▶ **Task details**: Print exactly, and only, the lines from the one containing "Panduit Mount, Extra" through the last line of the records below, both included; leave out the pictures.

=== Section Start ===

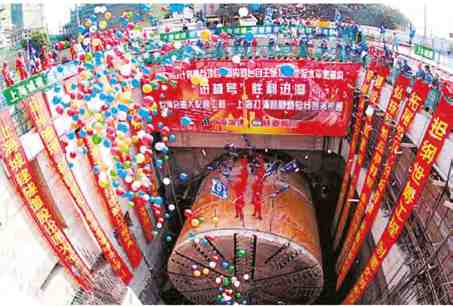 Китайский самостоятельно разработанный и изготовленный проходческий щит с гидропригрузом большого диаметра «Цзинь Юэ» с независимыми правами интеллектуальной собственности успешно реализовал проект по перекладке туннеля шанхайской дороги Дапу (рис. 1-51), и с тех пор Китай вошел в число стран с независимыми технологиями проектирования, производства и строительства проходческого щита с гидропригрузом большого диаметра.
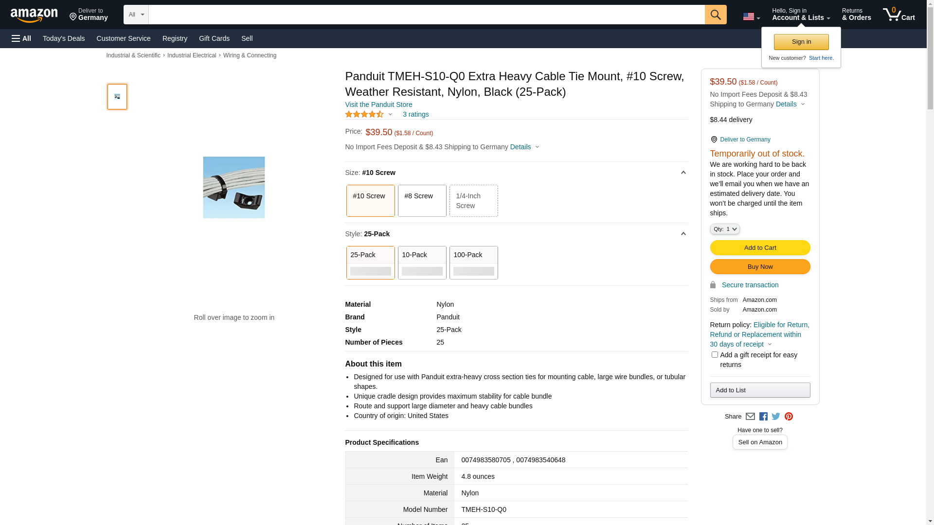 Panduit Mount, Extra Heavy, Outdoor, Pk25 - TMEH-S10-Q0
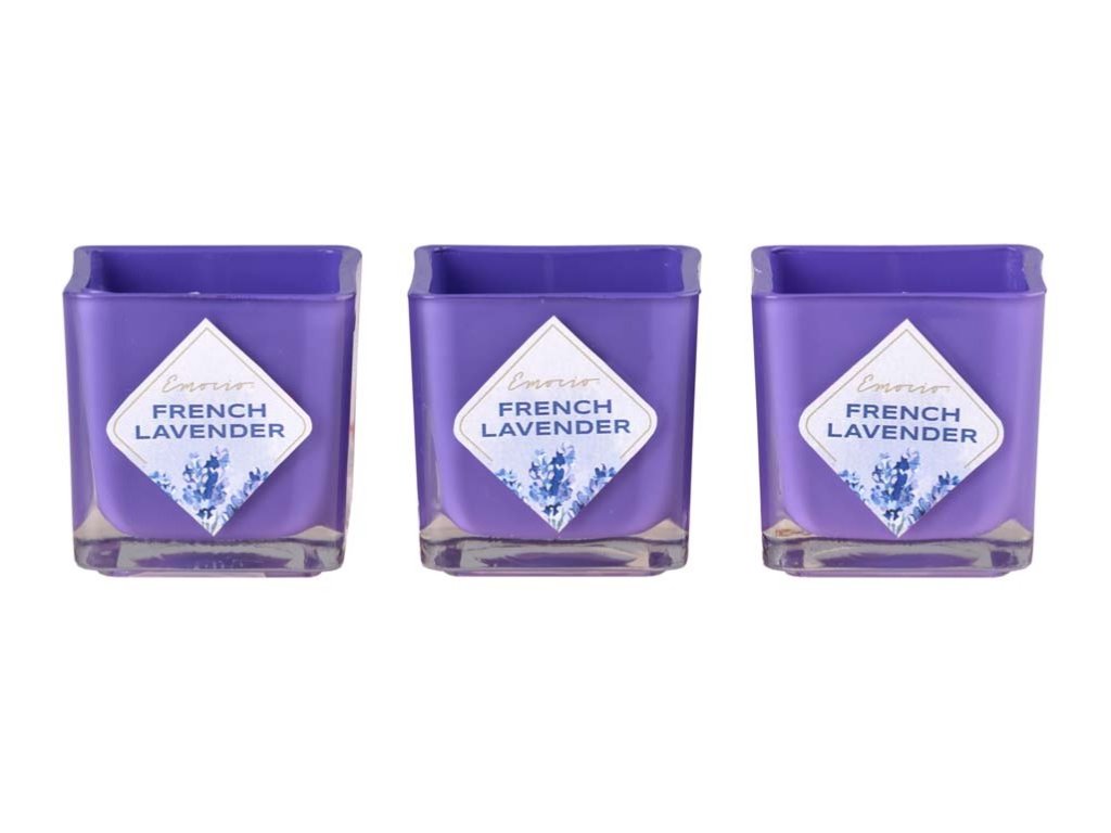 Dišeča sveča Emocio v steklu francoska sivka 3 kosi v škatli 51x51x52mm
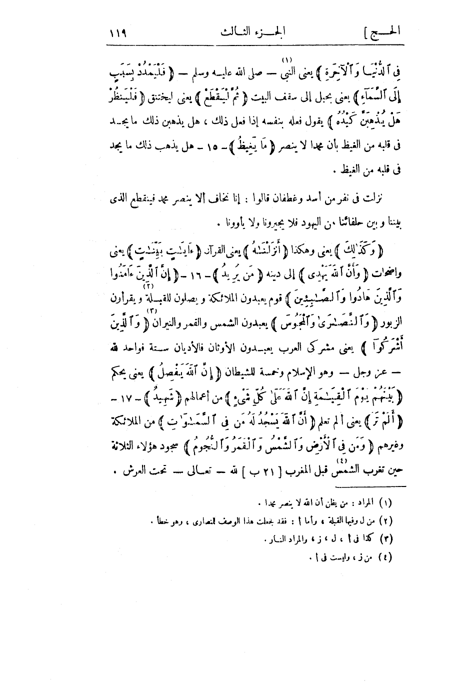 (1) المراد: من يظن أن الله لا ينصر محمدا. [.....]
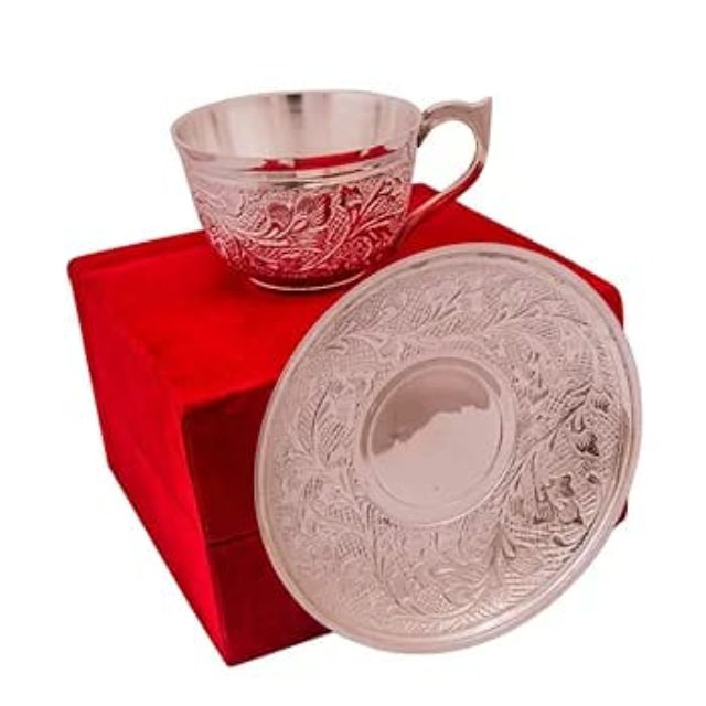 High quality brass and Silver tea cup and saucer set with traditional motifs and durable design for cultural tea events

=== Section End ===

▶ **Output**:
 Panduit Mount, Extra Heavy, Outdoor, Pk25 - TMEH-S10-Q0
 Dišeča sveča Emocio v steklu francoska sivka 3 kosi v škatli 51x51x52mm
 (1) المراد: من يظن أن الله لا ينصر محمدا. [.....]
 High quality brass and Silver tea cup and saucer set with traditional motifs and durable design for cultural tea events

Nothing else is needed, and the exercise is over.